2020 – Flying Spaghetti Monster
Thank Dog (not a typo – I don’t believe in the bearded sky fairy. I sort of believe in the Flying Spaghetti Monster, though!). The regular season starts next week, and PW can resume control of the blog because it’s only the second week and I’m already out of material. I really miss Barleycorn’s patio and the blog fodder it provides.
Like the Corona virus, league attendance doubled from 4 players in week 1 to 8 players this week. Funny enough, we also had two no-shows and from subs no less. I think the last no-show sub was Eaglin and you see where he is: Gone. Sleeping with Jimmy Hoffa.
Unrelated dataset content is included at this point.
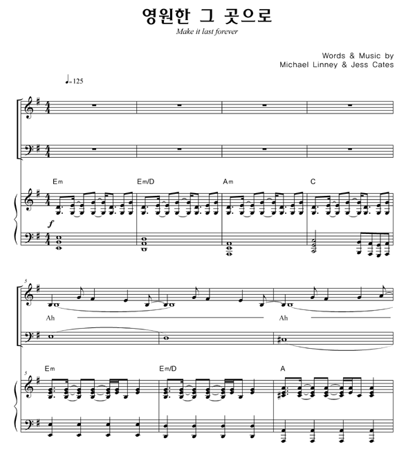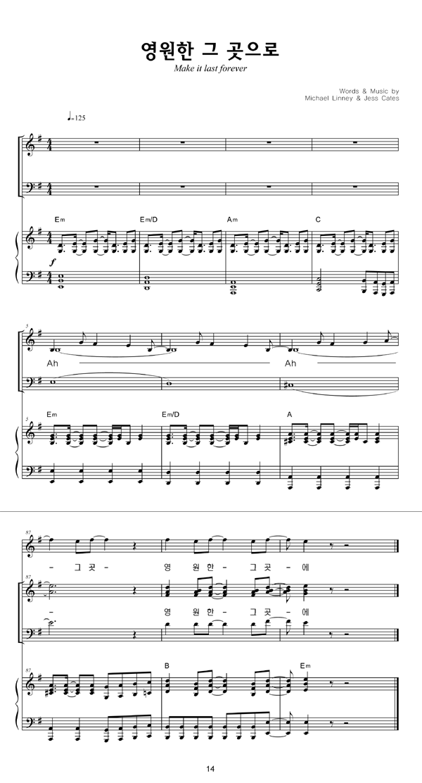 | 영원한 그 곳으로 | 성가 4부 + 피아노 반주 |

Now, technically, the one sub (Allen) did show but he’s already fallen into the wrong crowd hanging out with the Himalayan goat wrangler, Captain Obvious. Apparently, they have their own private tee time before the rest of the league. And they play a different course. Could they be a breakaway league? Let’s hope so.
Speaking of addition by subtraction, the other no-show was Radio. So, you can see, all in all it was a pretty good night.
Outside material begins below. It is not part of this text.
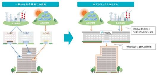 一般的に、住宅専有部の電気需給契約は、入居者と電力会社の直接契約となるため、物件の所有者が専有部の消費電力量を把握することや、再エネに切り替えることには、大きなハードルがあります。当社では、この住宅専有部の消費電力の把握・再エネ化を重要な課題として認識し、レジル株式会社と、同社の提供する一括受電サービス(以下「本サービス」)を活用した解決策を検討してまいりました。

(Disclaimer: In previous blog posts I have acknowledged I don’t kiss the butts of subs like PW does. Sub is short for sub-human. That’s all you need to know. Except Thackeray. I like him. Of course, he’s only subbed once in 5 years.)
We played Willows front. Course was much the same as last week condition wise. Fairways in good shape but greens were shaggy and inconsistent, sort of like Etheridge’s porn stache.
Sorry, this is all I got.
See ya next week. Hit ‘em straight!
Syndrome – GCCGL Guest Blogger
I’m warning you Syndrome, stop using my “clever original” moniker “Hit ’em straight!”
DOH – my bad. I thought I read that somewhere.
You’ll probably cancel another 3 weeks for payback.
3 commissioners and not one spine to make a tough call.
We made a tough call. The easy call would have been to not do anything and play a scramble with threesomes and twosomes. Don’t you have a puppy to kick somewhere?